Он начинает свою предполагаемую демонстрацию этого парадокса своего рода отрицательным доказательством, пытаясь показать неадекватность любого другого способа объяснения нашего восприятия идей вещей; ибо мне едва ли нужно излагать вам то, что вовлечено в самое провозглашение его метафизической теоремы — что он рассматривает идеи как отличные от самого восприятия, не как разум, затронутый определенным образом, а как нечто отдельное и независимое от разума.
Затем он переходит к своему положительному доказательству, утверждая, во-первых, что «абсолютно необходимо, чтобы Бог имел в себе идеи всех существ, которые он создал, поскольку иначе он не мог бы произвести их» [128], и, во-вторых, что Бог соединен с нашей душой своим присутствием, «так что можно сказать, что он имеет то отношение места к разуму, которое пространство имеет к телу» [129]. Где бы ни находился человеческий разум, там находится Бог, и, следовательно, все идеи, которые находятся в Боге. Мы имеем таким образом фонд всех идей, необходимых для восприятия, и фонд, который вследствие вездесущия божественного разума всегда присутствует, требуя, следовательно, для нашего восприятия их только той божественной воли, без которой никакое изменение не может произойти.

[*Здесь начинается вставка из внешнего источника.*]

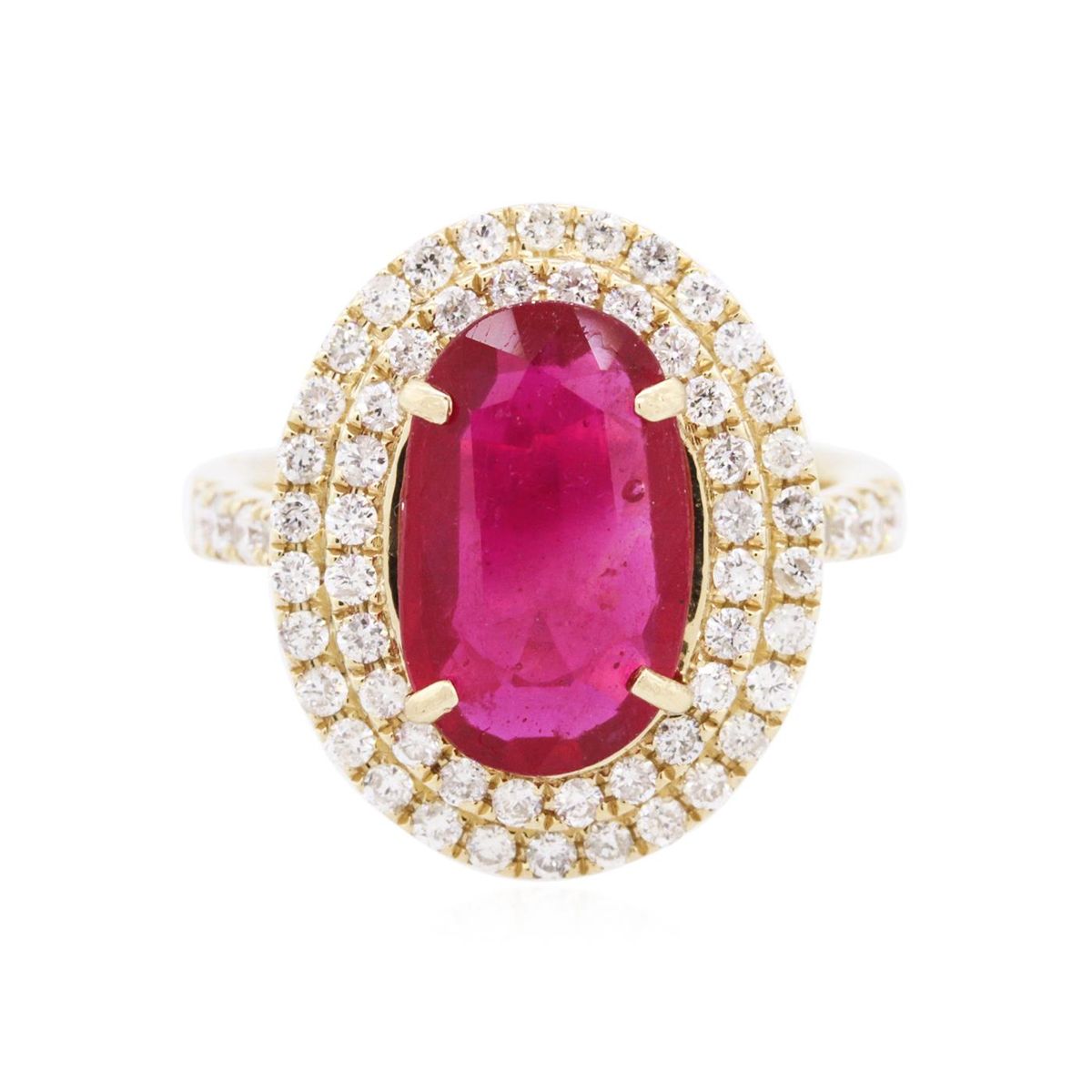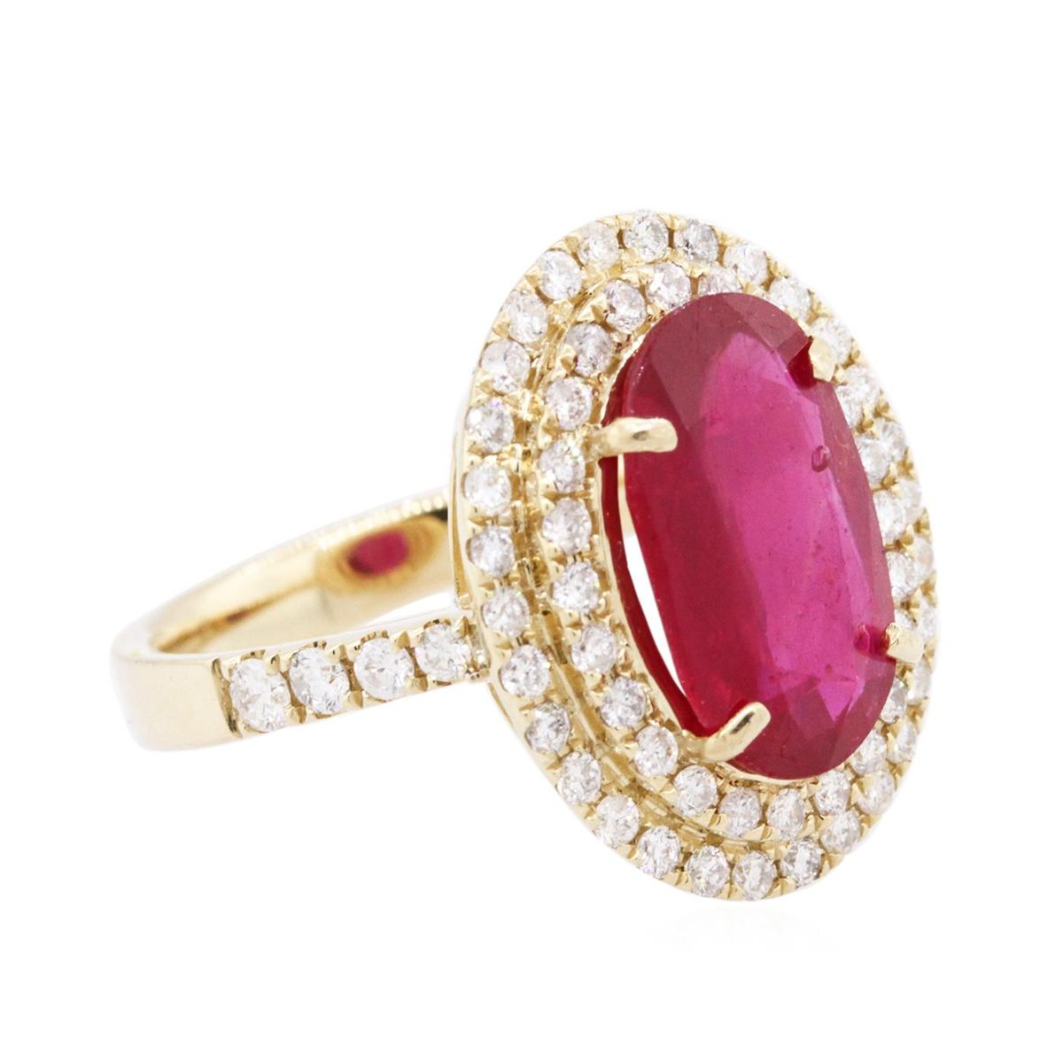 One electronically tested 14KT yellow gold ladies combination cast & assembled ruby and diamond ring with a flat shank with a bright polish finish. Identified with markings of "14K". Condition is new. Containing: One prong set oval modified brilliant cut natural ruby, measuring 13.66 x 8.24 x 3.40mm, approximate weight of 3.26ct., clarity is heavily included, type II, medium dark, moderately strong, strongly purplish red color, (GIA stpR 6/4), cut is good. Sixty-Two prong set round brilliant cut diamonds, measuring 2.00 - 1.30 x 0.99mm (depth est.) approximate total weight of 62 Stones = 0.70ct. Clarity: SI-2 to I-2. Color: I - J, Cut is Good. Colored gemstones are presumed to have been subjected to commonly used enhancement processes. All diamonds and colored gemstones are graded in the mounting, unless otherwise stated. Total Weight of Colored Stones 3.26ct. Total Weight of Diamonds 0.70ct. Total Weight of Ring 6.50 grams. GGL Appraised at $4,795.00.

То, что восприятие происходит посредством присутствия этого одного запаса идей, вечно присутствующего в божественном разуме, с которым соединен каждый другой разум — а не посредством создания бесконечного числа идей в каждом отдельном разуме — он считает доказанным различными причинами — большей простотой этого способа, его особой согласованностью с тем состоянием зависимости от божественного Существа как источника всего света, в котором разум человека представлен во многих отрывках Писания — различными понятиями, такими как понятия бесконечности, родов, видов и т. д., универсальность которых он считал несовместимой с абсолютным единством и ограниченностью каждой идеи, которая не извлекает своего рода бесконечность из разума, в котором она существует — и некоторыми другими причинами, очень мистическими и очень слабыми, в которых, хотя может быть нетрудно обнаружить, что имел в виду их автор, безусловно, очень трудно представить, как разум, столь острый, как его, мог быть под их влиянием.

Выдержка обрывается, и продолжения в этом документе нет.